++++ Information

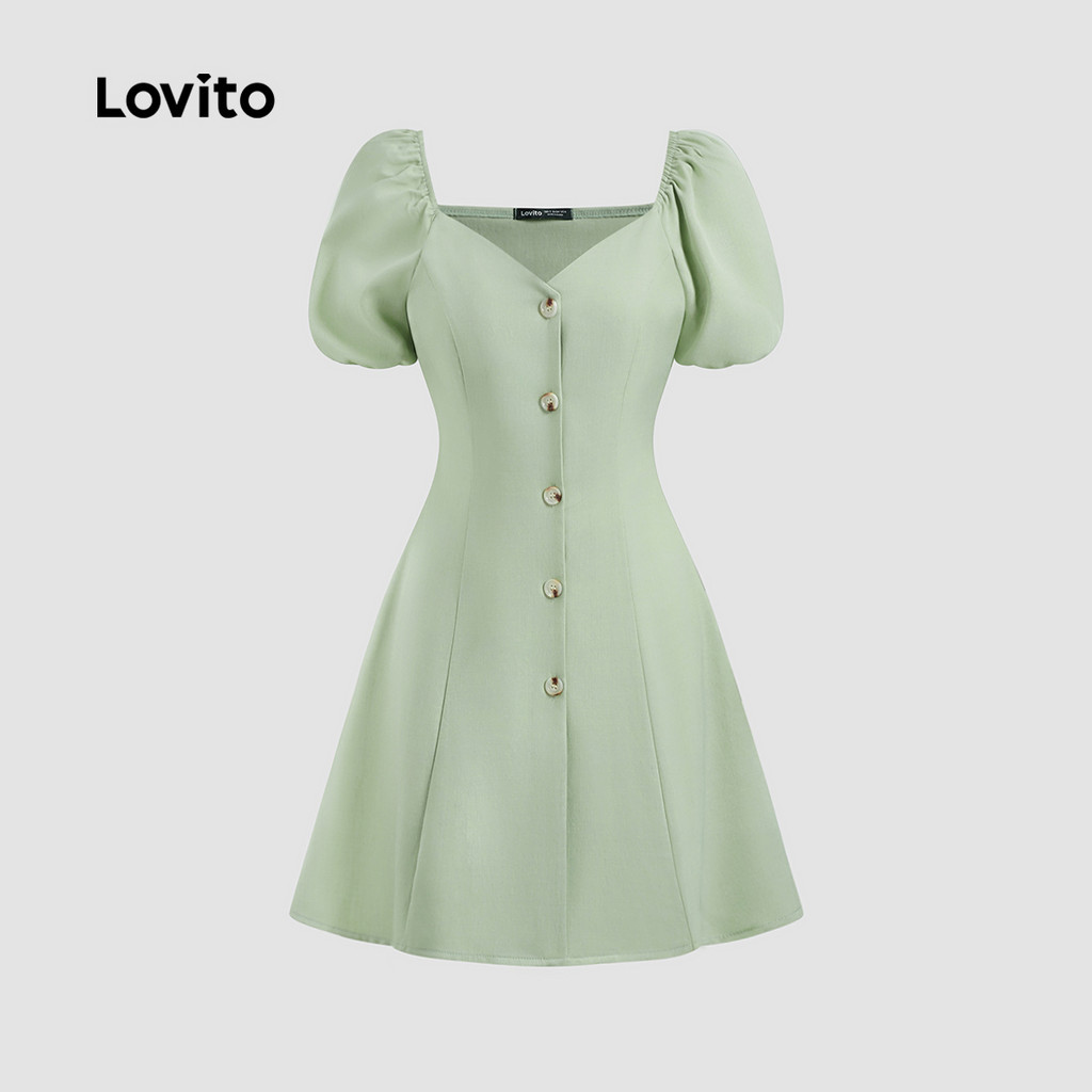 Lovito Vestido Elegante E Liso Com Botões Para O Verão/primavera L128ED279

++++++++
++++ Information

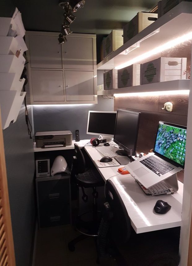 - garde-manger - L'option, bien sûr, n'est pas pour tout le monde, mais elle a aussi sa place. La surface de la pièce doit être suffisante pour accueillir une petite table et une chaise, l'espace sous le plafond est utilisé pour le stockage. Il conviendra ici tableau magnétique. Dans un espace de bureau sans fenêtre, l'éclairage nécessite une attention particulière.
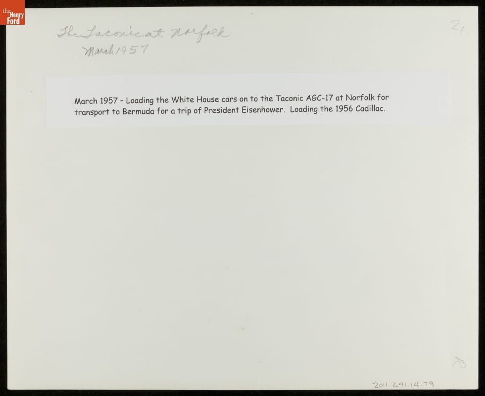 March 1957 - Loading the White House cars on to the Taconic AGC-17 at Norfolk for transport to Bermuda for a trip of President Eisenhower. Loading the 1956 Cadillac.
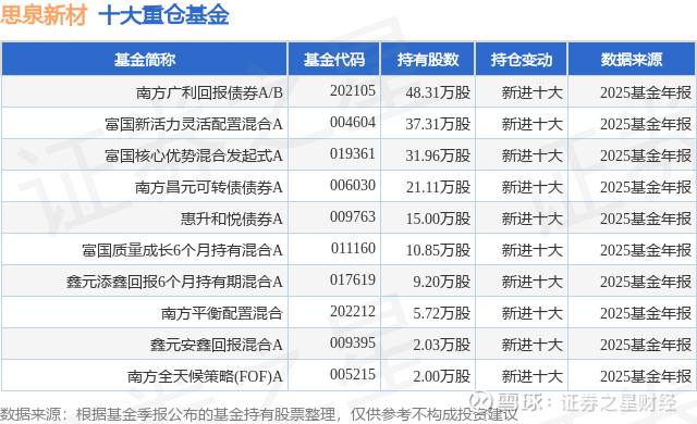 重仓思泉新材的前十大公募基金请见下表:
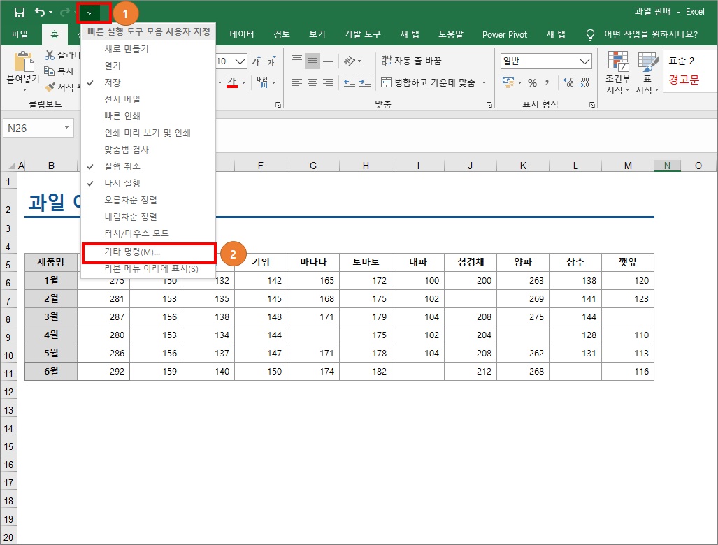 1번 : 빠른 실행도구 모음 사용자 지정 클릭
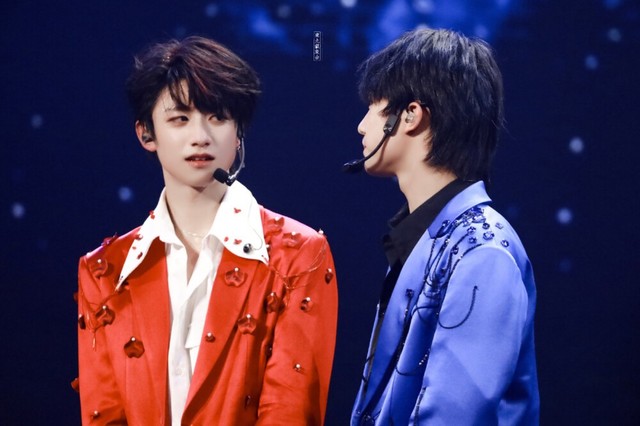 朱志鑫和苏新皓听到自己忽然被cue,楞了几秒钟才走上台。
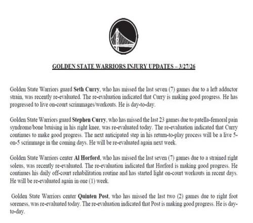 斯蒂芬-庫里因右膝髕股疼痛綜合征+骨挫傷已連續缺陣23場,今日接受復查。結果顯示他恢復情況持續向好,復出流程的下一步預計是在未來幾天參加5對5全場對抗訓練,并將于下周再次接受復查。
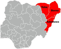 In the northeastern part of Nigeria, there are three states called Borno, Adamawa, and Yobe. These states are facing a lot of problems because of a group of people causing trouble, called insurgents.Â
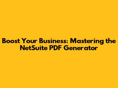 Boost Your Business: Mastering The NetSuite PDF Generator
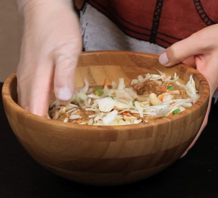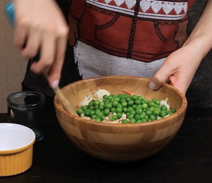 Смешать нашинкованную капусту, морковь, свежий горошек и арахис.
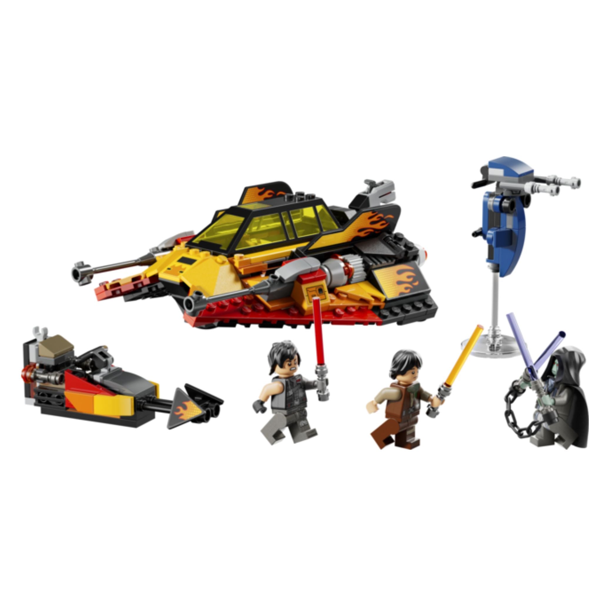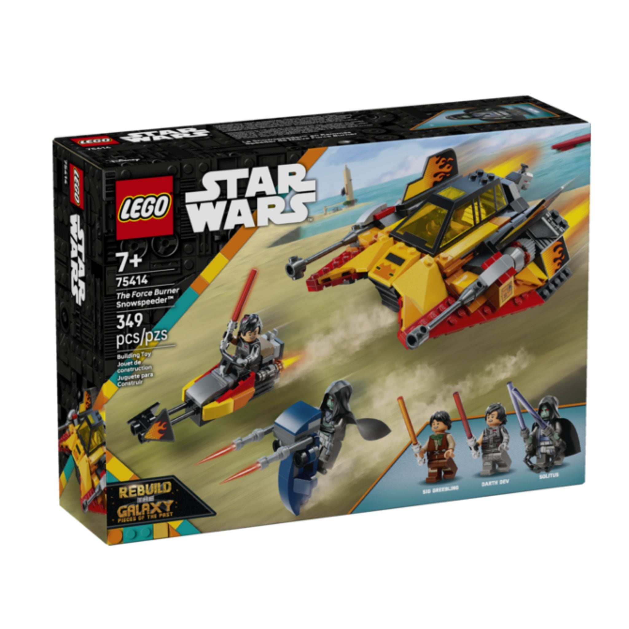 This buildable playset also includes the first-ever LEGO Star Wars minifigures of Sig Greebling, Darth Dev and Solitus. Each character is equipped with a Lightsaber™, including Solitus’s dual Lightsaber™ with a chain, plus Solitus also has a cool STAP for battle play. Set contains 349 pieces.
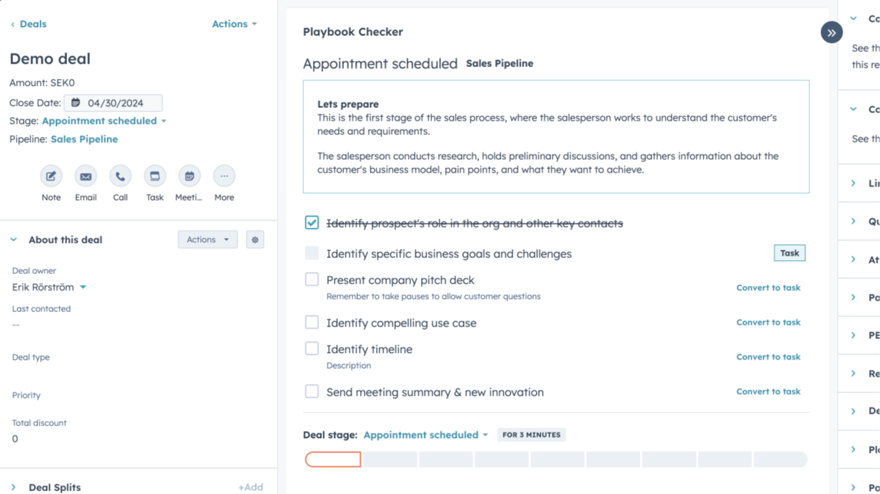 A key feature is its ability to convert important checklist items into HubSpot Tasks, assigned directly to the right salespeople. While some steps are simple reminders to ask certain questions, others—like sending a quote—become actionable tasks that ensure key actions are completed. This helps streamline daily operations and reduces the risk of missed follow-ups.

++++++++
++++ Information

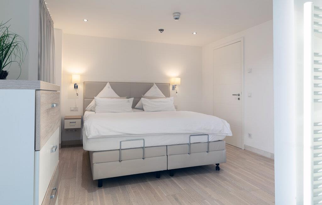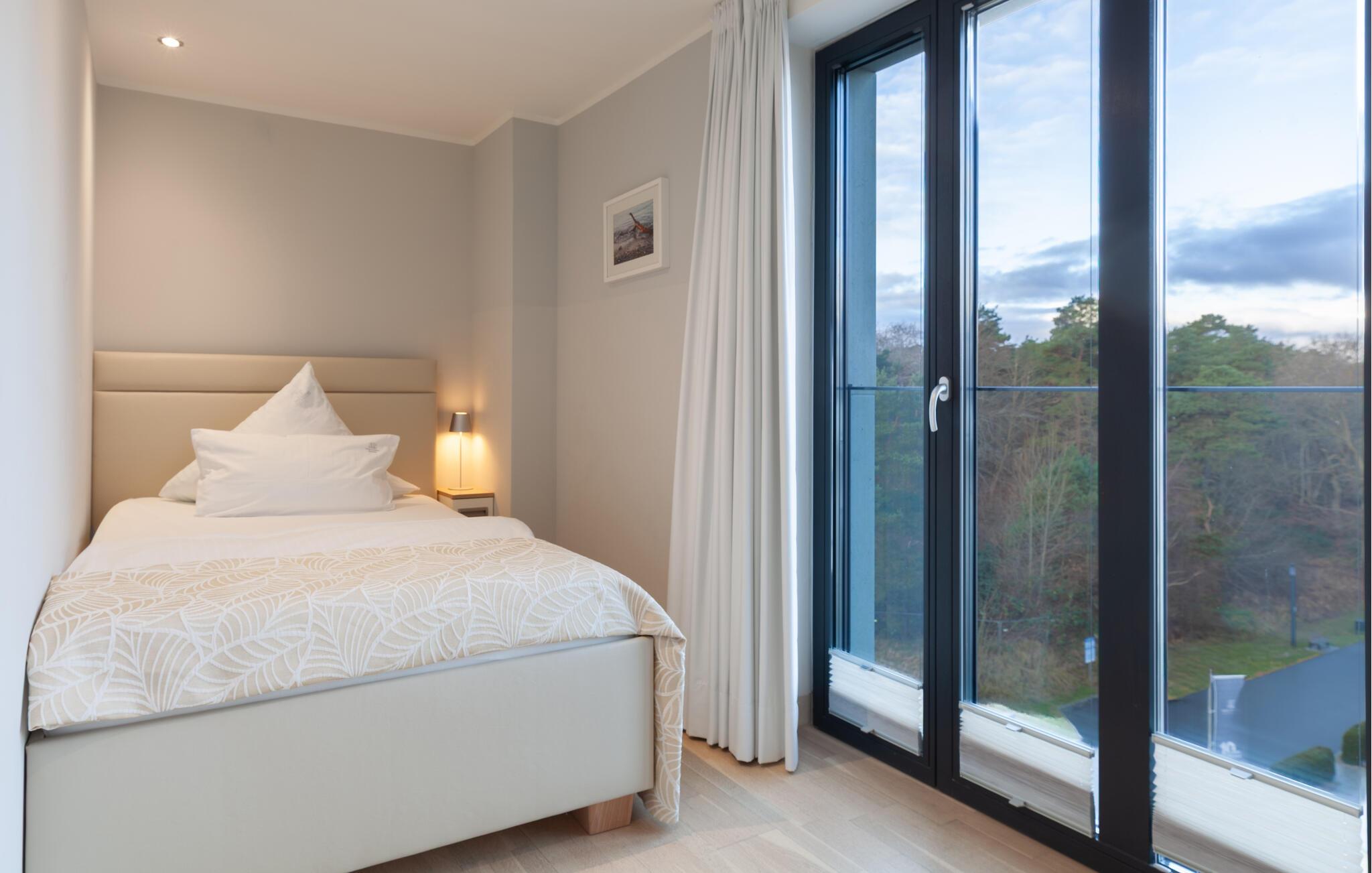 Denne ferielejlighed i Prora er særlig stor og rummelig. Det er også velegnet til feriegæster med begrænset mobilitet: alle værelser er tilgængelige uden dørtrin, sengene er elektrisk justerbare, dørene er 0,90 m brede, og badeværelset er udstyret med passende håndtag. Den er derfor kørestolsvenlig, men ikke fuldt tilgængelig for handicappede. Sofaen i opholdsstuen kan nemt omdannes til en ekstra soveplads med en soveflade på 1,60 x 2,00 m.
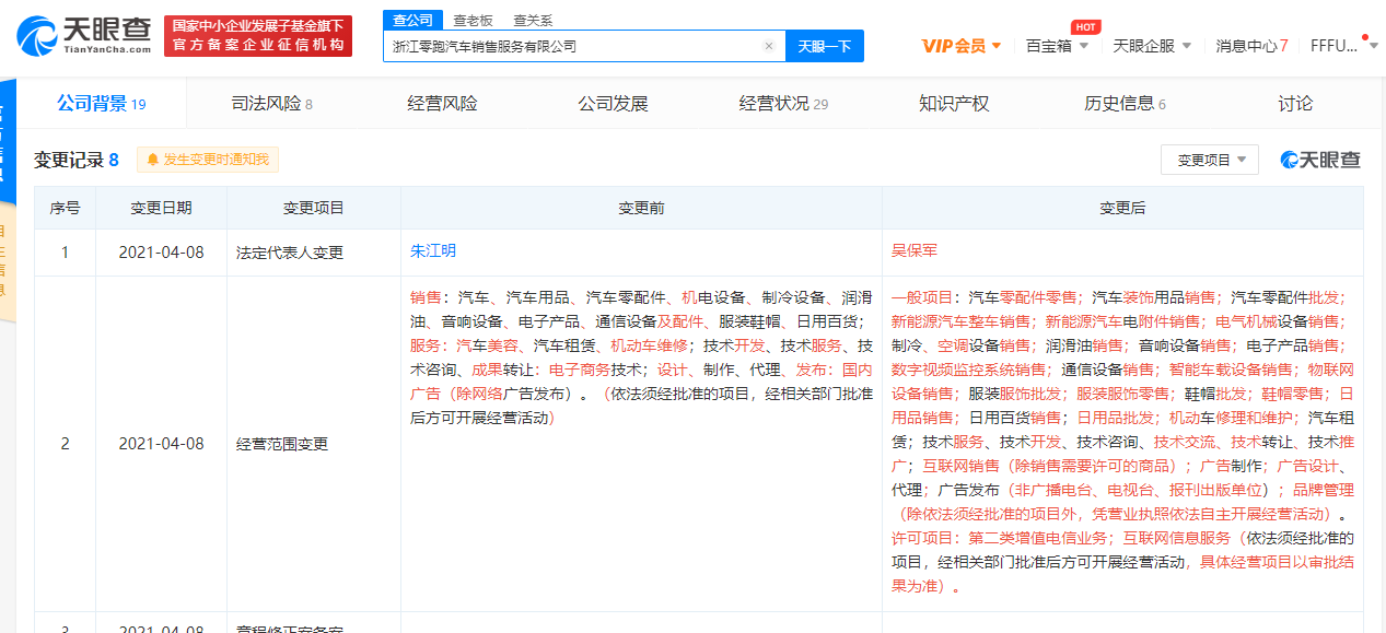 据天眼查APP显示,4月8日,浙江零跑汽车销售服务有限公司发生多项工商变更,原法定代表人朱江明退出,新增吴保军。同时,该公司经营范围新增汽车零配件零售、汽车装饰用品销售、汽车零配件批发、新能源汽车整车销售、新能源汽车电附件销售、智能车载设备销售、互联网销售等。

++++++++

▶ [Exercise] What's needed is an exact copy of the records above from the line containing "This buildable playset" down to the line containing "A key feature", both included, without any pictures.

▶ [Solution]
 This buildable playset also includes the first-ever LEGO Star Wars minifigures of Sig Greebling, Darth Dev and Solitus. Each character is equipped with a Lightsaber™, including Solitus’s dual Lightsaber™ with a chain, plus Solitus also has a cool STAP for battle play. Set contains 349 pieces.
 A key feature is its ability to convert important checklist items into HubSpot Tasks, assigned directly to the right salespeople. While some steps are simple reminders to ask certain questions, others—like sending a quote—become actionable tasks that ensure key actions are completed. This helps streamline daily operations and reduces the risk of missed follow-ups.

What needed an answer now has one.